┏━━

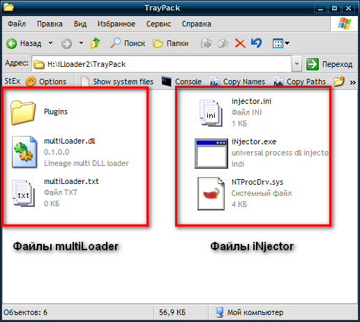Я же расскажу как это сделать через iNjector. Для начала скачаем, и распакуем iNjector и multiLoader в какую нибудь папку.
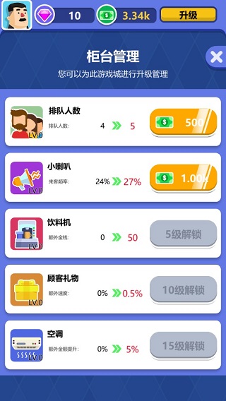 随着时间的推移和金钱的累计,点击柜台可以进行多方面的升级,如增加派对人数、提升光顾店面的唠嗑频率,以及置办饮料机、顾客礼物、空调等其他额外功能,会不同程度的提升营业速度和金币利益哦。
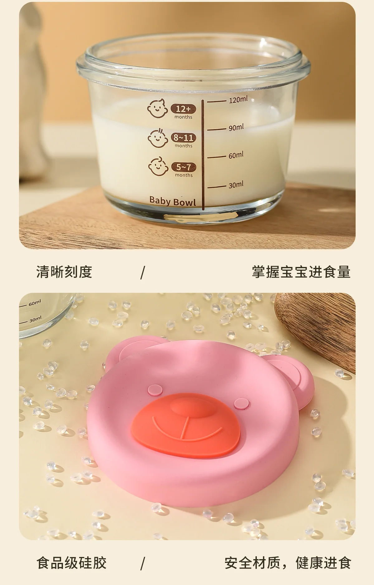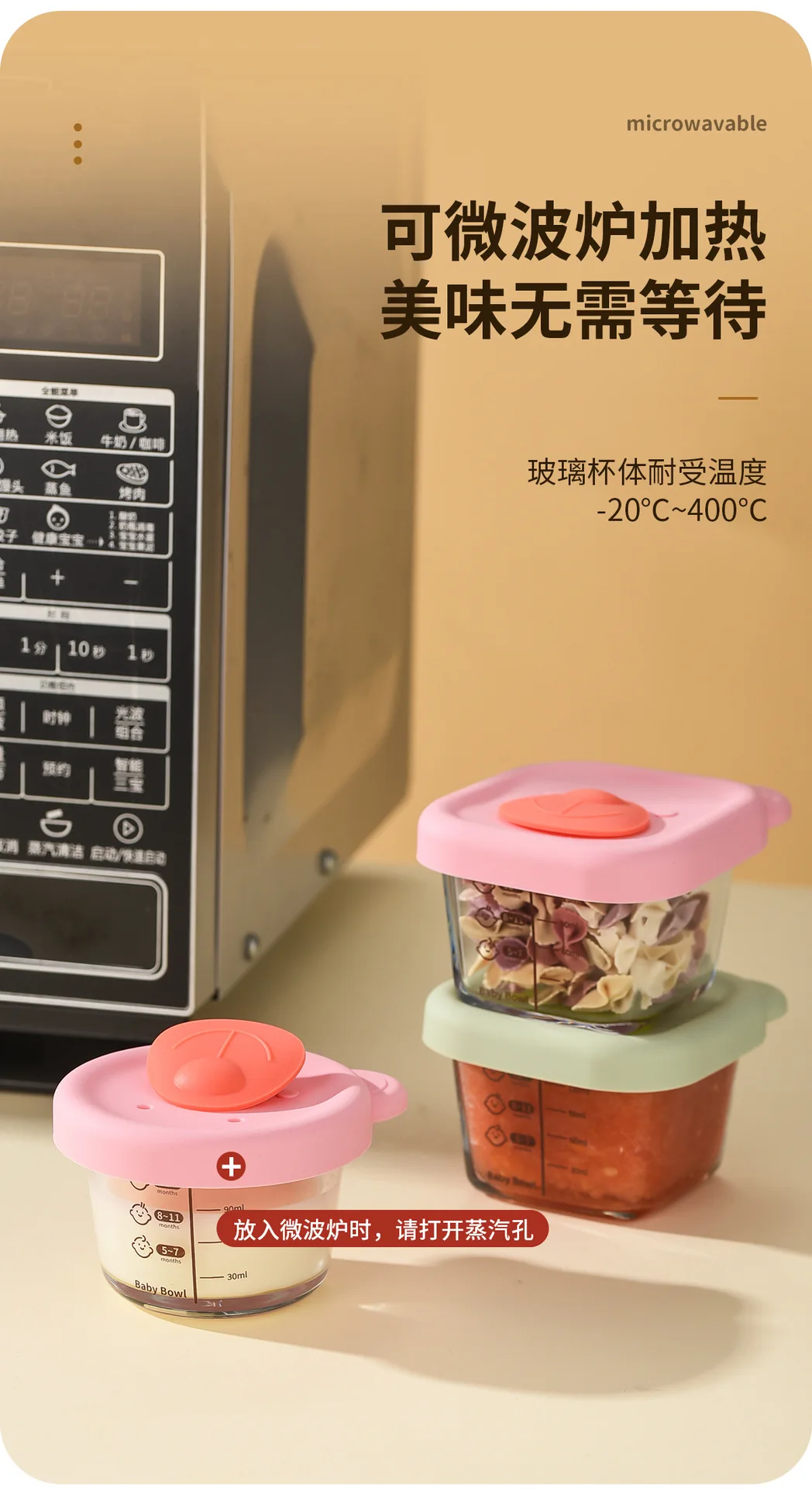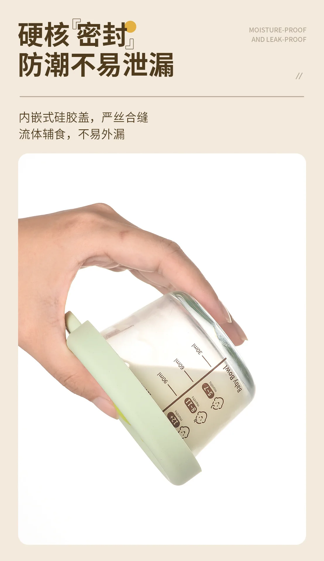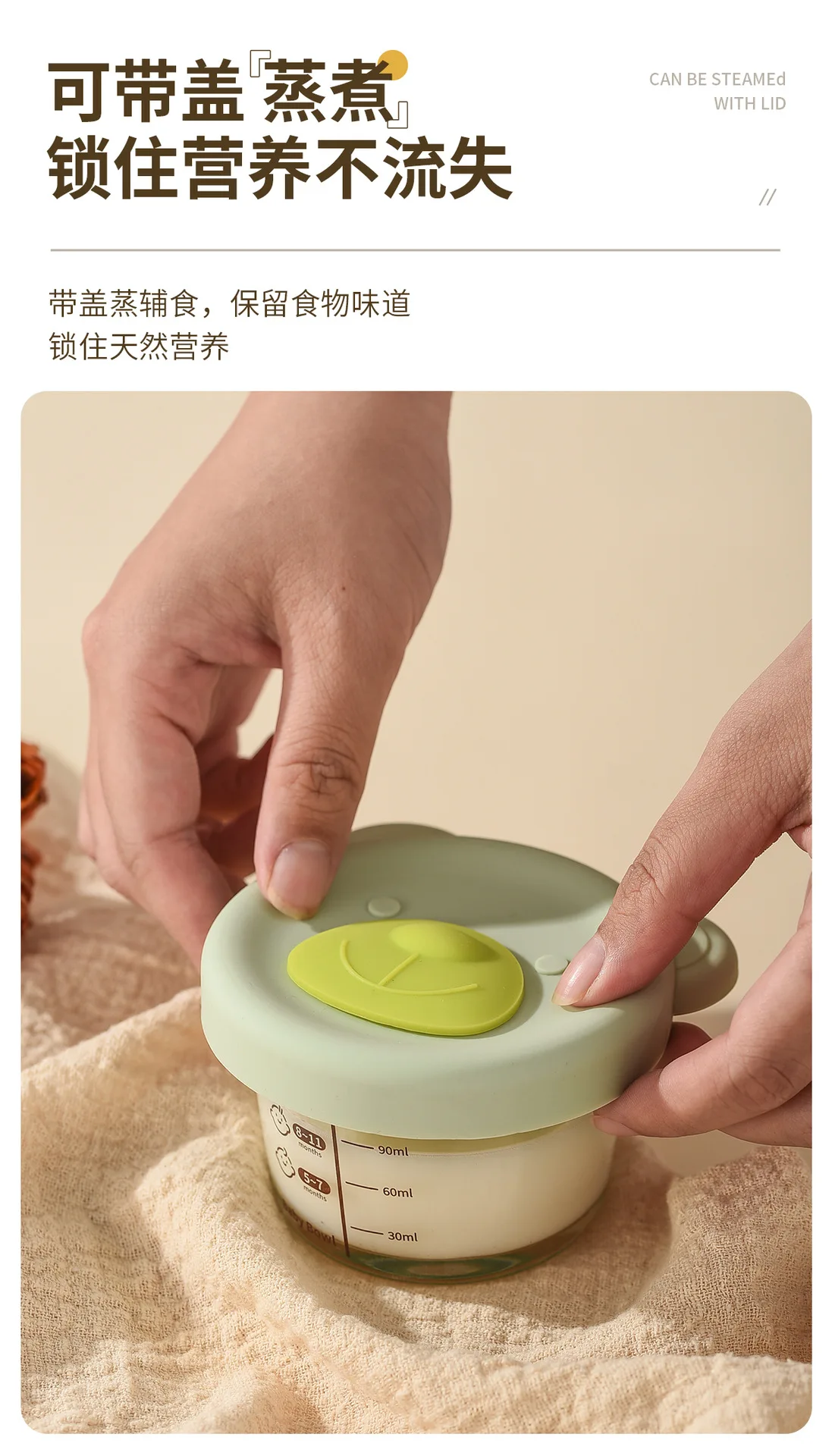 Baby food mold portable seal storage box baby glass solid food bowl bear silicone cover steamer crisper
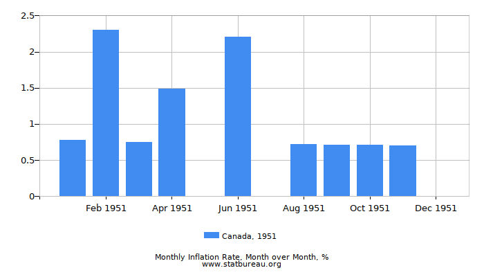 Inflation rate in Canada was 10.85% in 1951. That is 5.12 more than it was in the preceding 1950 and 12.25% more than in the following year of 1952.
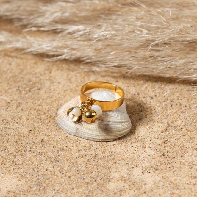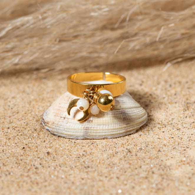 Hedda est le mélange parfait entre modernité et douceur. Sa lune dorée et ses petites perles se balanceront délicatement à vos doigts.
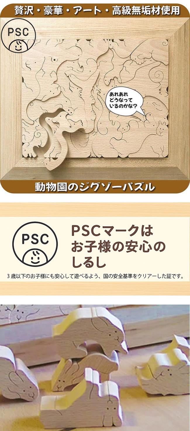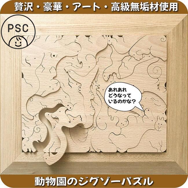 通常のジグソーパズルとは異なり、各ピースは30mm前後の厚みがあります。 そのため、立たせたり寝かせたり、積み上げたりと積み木のような遊び方も出来ます。 また、表情豊かで個性的な動物たちは、もっと自由な遊び方を引き出してくれるでしょう。

┗━━

Begin at the line containing "Inflation rate in" and write out every line to the end of the data exactly. Skip the pictures.

 Inflation rate in Canada was 10.85% in 1951. That is 5.12 more than it was in the preceding 1950 and 12.25% more than in the following year of 1952.
 Hedda est le mélange parfait entre modernité et douceur. Sa lune dorée et ses petites perles se balanceront délicatement à vos doigts.
 通常のジグソーパズルとは異なり、各ピースは30mm前後の厚みがあります。 そのため、立たせたり寝かせたり、積み上げたりと積み木のような遊び方も出来ます。 また、表情豊かで個性的な動物たちは、もっと自由な遊び方を引き出してくれるでしょう。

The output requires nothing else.